**Data segment**
------------------------------

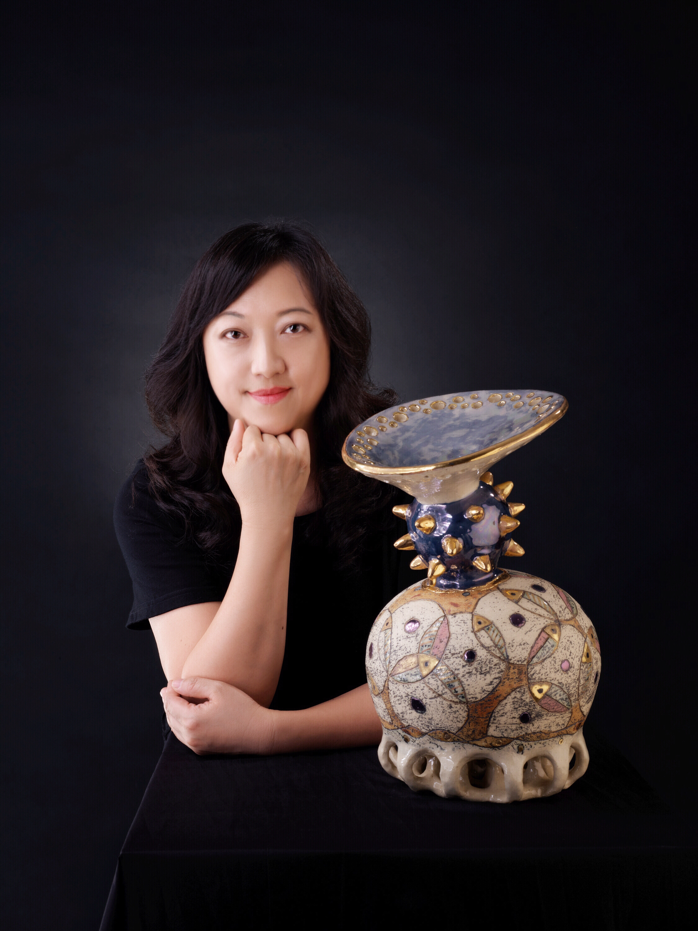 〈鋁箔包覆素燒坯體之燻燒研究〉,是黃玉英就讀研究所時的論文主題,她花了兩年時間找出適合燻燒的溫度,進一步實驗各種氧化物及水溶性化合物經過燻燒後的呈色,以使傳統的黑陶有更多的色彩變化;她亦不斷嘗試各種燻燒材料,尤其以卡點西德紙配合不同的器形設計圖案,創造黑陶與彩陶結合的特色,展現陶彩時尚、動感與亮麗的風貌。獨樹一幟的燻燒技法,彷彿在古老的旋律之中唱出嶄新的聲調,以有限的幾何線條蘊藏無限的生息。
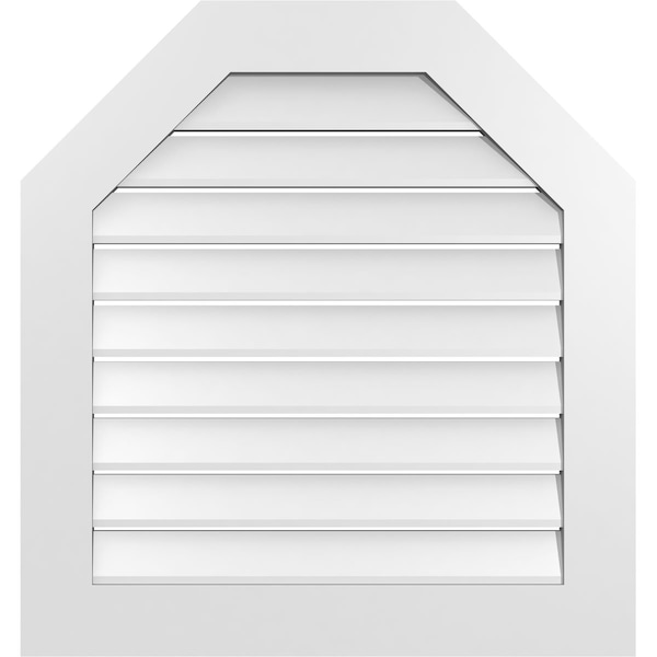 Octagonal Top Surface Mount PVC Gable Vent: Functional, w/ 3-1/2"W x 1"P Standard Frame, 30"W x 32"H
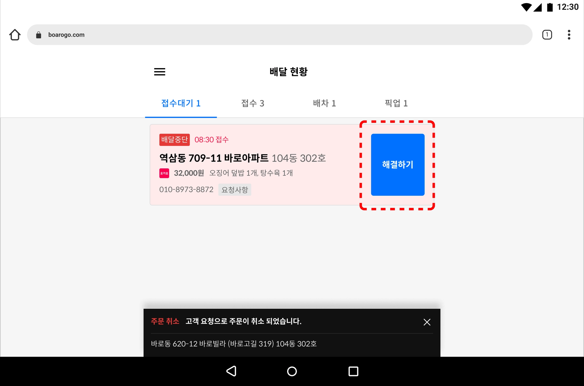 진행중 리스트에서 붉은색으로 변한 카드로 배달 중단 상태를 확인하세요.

------------------------------

**Instructions to follow**
Once the pictures are set aside, give the rest of the listing again exactly.

**Result below**
 〈鋁箔包覆素燒坯體之燻燒研究〉,是黃玉英就讀研究所時的論文主題,她花了兩年時間找出適合燻燒的溫度,進一步實驗各種氧化物及水溶性化合物經過燻燒後的呈色,以使傳統的黑陶有更多的色彩變化;她亦不斷嘗試各種燻燒材料,尤其以卡點西德紙配合不同的器形設計圖案,創造黑陶與彩陶結合的特色,展現陶彩時尚、動感與亮麗的風貌。獨樹一幟的燻燒技法,彷彿在古老的旋律之中唱出嶄新的聲調,以有限的幾何線條蘊藏無限的生息。
 Octagonal Top Surface Mount PVC Gable Vent: Functional, w/ 3-1/2"W x 1"P Standard Frame, 30"W x 32"H
 진행중 리스트에서 붉은색으로 변한 카드로 배달 중단 상태를 확인하세요.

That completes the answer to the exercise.